§ Stored dataset items
——————————
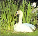 四周高高的芦苇丛,使这只天鹅的巢穴只在每天一小段时间里受到阳光的照射。在没有直射光的情况下,天鹅的白色羽毛往往呈灰色调,同时周围的植物也会失去其色彩活力。
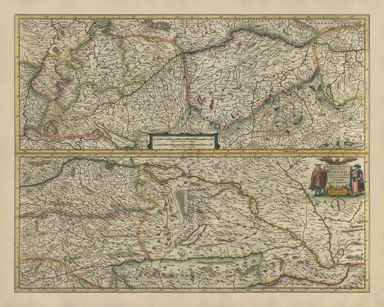 Gerhard Mercator, un nombre sinónimo de precisión en la cartografía, fue revolucionario en su campo. Conocido por la proyección de Mercator, su enfoque innovador permitió a los marineros navegar los mares con mayor precisión, cambiando el rumbo de la navegación para siempre. Junto con Jodocus Hondius, quien es celebrado por sus contribuciones al Atlas Mercator-Hondius, uno de los atlas seminales de la época, crearon mapas que no solo eran funcionales, sino también ricamente detallados y bellamente decorados. Su colaboración dio vida a este mapa de la cuenca del río Danubio, mostrando su incomparable habilidad para combinar la precisión científica con la elegancia artística.
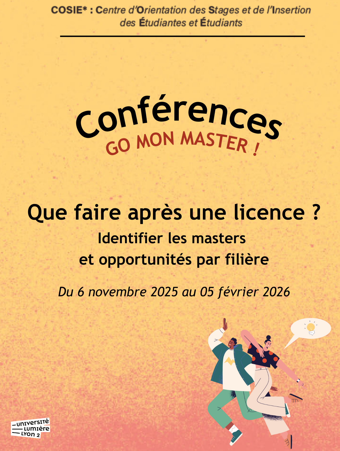 Que faire après votre licence ? Quels sont les masters possibles à l'Université Lumière 2 et ailleurs ? Quelles alternatives s'offrent à vous après la licence (autres formations, insertion professionnelle, concours de la fonction publique…) ? Assistez aux conférences liées à votre domaine d'études.
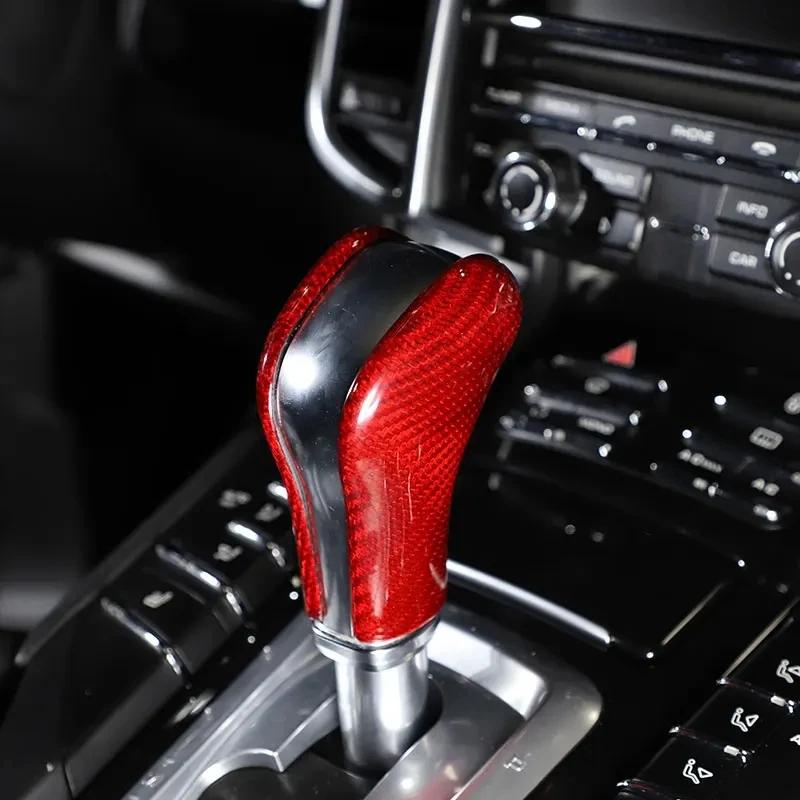 Car Styling Red Carbon Fiber Gear Shift Head Cover Sticker For Porsche Cayenne 2
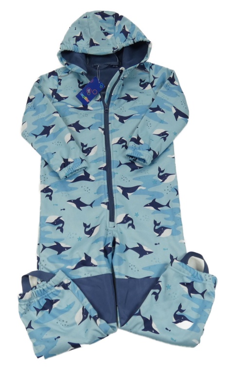 Nové - Svetlomodrá softshellová kombinéza s velrybami a kapucňou Lupilu
——————————
§ PROBLEM STATEMENT
Keeping the pictures out, print the entries above exactly as written.

§ EXERCISE ANSWER
 四周高高的芦苇丛,使这只天鹅的巢穴只在每天一小段时间里受到阳光的照射。在没有直射光的情况下,天鹅的白色羽毛往往呈灰色调,同时周围的植物也会失去其色彩活力。
 Gerhard Mercator, un nombre sinónimo de precisión en la cartografía, fue revolucionario en su campo. Conocido por la proyección de Mercator, su enfoque innovador permitió a los marineros navegar los mares con mayor precisión, cambiando el rumbo de la navegación para siempre. Junto con Jodocus Hondius, quien es celebrado por sus contribuciones al Atlas Mercator-Hondius, uno de los atlas seminales de la época, crearon mapas que no solo eran funcionales, sino también ricamente detallados y bellamente decorados. Su colaboración dio vida a este mapa de la cuenca del río Danubio, mostrando su incomparable habilidad para combinar la precisión científica con la elegancia artística.
 Que faire après votre licence ? Quels sont les masters possibles à l'Université Lumière 2 et ailleurs ? Quelles alternatives s'offrent à vous après la licence (autres formations, insertion professionnelle, concours de la fonction publique…) ? Assistez aux conférences liées à votre domaine d'études.
 Car Styling Red Carbon Fiber Gear Shift Head Cover Sticker For Porsche Cayenne 2
 Nové - Svetlomodrá softshellová kombinéza s velrybami a kapucňou Lupilu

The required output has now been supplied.